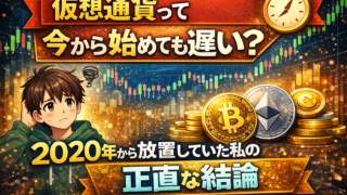仮想通貨 仮想通貨って今から始めても遅い?2020年から放置していた私の正直な結論 「仮想通貨って、もう遅いですよね?」 これは、今から始めようとしている人がほぼ100%思う疑問だと思います。正直、私自身もそうでした。 私は2020年に仮想通貨を始めました。ただし、ガチで運用していたわけではなく、ほぼ... 2026.01.27 仮想通貨
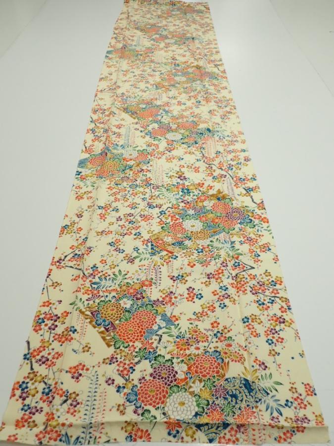 2L03z90 Japanese Kimono Silk FABRIC Flowers Light yellow 65.4x14.4
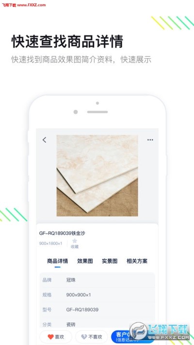快绘,让销售更得更简单。一台手机或平板就可以实现选砖、看图、传图、找方案、设计出图,还可以记录客户喜好。通过软件让销售人员快速找到店铺商品、商品相关效果图和设计方案,并记录客户的行为来帮助终端门店提高业绩。是一款销售利器。
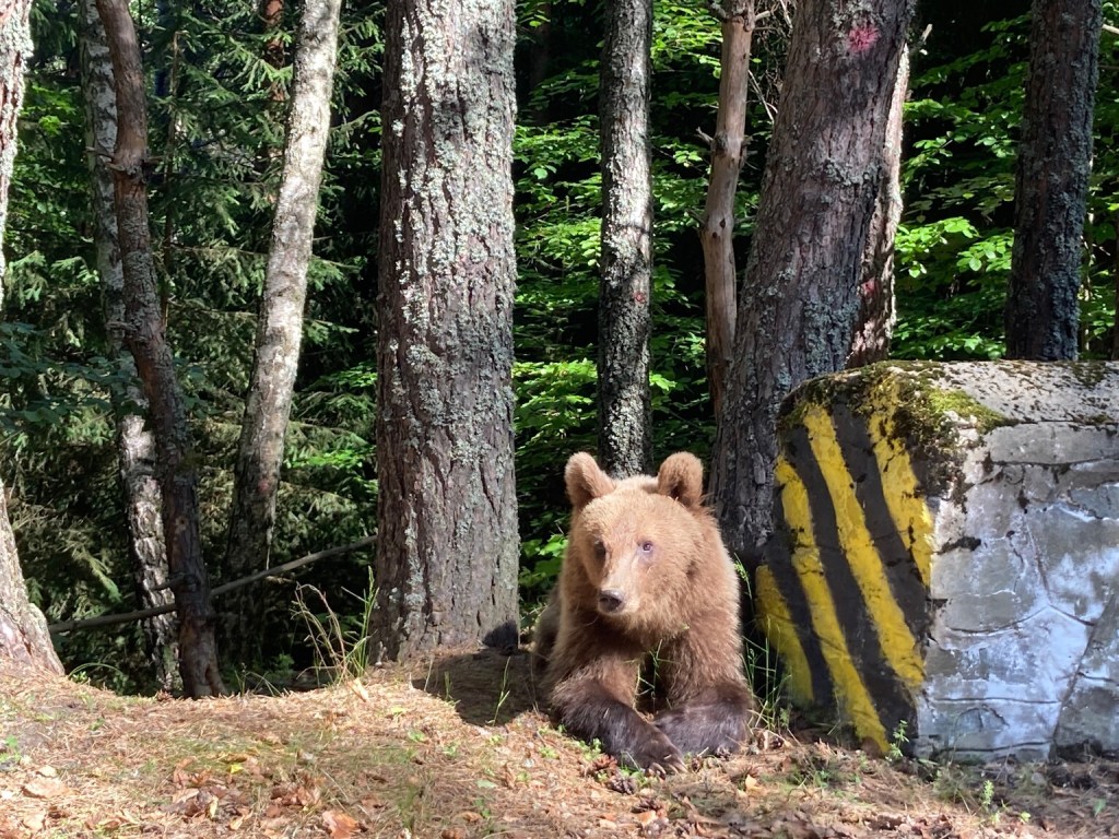 In the morning the road meandered alongside a stream and through the forest for some time and we kept an eye out for bears. The first we saw was sitting behind a wall by the road soaking up the sun and paying us little attention as we took several photos and with no traffic behind us, we were able to watch him for a few minutes. He did look quite chilled and unbothered by us and was a joy to watch.
════════
Beginning with the line containing "快绘,让销售更得更简单。一台" and ending with the last line of the material, output each line exactly; do not include pictures.

快绘,让销售更得更简单。一台手机或平板就可以实现选砖、看图、传图、找方案、设计出图,还可以记录客户喜好。通过软件让销售人员快速找到店铺商品、商品相关效果图和设计方案,并记录客户的行为来帮助终端门店提高业绩。是一款销售利器。
 In the morning the road meandered alongside a stream and through the forest for some time and we kept an eye out for bears. The first we saw was sitting behind a wall by the road soaking up the sun and paying us little attention as we took several photos and with no traffic behind us, we were able to watch him for a few minutes. He did look quite chilled and unbothered by us and was a joy to watch.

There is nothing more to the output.